* _PROBLEM DESCRIPTION_
Only one stretch of the data below is needed. Output the lines from the one with "ロング Oネック BLUU11305797485" up to and including the one with "按 10 倍乘数计算的话,Substack", exactly as they stand.

* _DATASET_

___

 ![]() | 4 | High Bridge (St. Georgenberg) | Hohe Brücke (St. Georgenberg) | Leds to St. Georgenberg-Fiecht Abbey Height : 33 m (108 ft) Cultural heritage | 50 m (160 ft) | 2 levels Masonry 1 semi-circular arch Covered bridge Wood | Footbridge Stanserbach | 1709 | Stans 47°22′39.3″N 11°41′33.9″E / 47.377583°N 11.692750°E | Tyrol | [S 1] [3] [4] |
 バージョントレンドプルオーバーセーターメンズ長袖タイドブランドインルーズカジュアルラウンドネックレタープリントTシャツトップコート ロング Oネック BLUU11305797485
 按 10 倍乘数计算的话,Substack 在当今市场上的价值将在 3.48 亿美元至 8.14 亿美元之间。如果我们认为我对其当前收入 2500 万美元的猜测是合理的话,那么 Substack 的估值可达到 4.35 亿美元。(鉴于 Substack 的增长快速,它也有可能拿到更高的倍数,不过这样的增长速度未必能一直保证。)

___

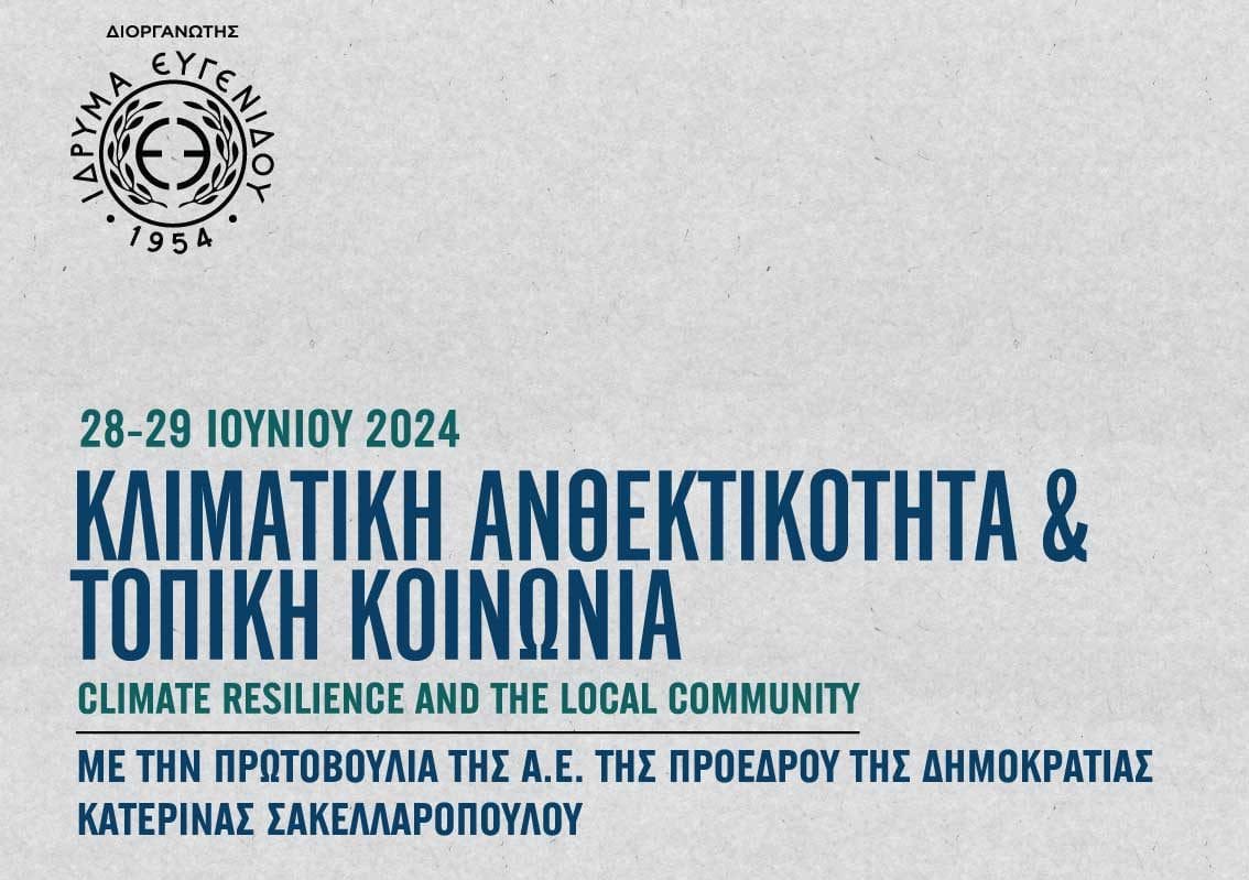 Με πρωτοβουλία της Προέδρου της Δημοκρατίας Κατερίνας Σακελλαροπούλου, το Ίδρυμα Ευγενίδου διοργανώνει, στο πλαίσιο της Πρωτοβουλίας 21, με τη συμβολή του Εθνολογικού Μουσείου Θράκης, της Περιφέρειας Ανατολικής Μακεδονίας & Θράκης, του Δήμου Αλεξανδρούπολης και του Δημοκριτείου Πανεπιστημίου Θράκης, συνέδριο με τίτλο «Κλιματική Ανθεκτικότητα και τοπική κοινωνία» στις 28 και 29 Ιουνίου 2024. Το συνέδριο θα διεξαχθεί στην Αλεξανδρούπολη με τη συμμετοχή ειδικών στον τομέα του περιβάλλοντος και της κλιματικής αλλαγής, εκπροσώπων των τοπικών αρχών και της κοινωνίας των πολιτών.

___

* _TASK RESULT_
 バージョントレンドプルオーバーセーターメンズ長袖タイドブランドインルーズカジュアルラウンドネックレタープリントTシャツトップコート ロング Oネック BLUU11305797485
 按 10 倍乘数计算的话,Substack 在当今市场上的价值将在 3.48 亿美元至 8.14 亿美元之间。如果我们认为我对其当前收入 2500 万美元的猜测是合理的话,那么 Substack 的估值可达到 4.35 亿美元。(鉴于 Substack 的增长快速,它也有可能拿到更高的倍数,不过这样的增长速度未必能一直保证。)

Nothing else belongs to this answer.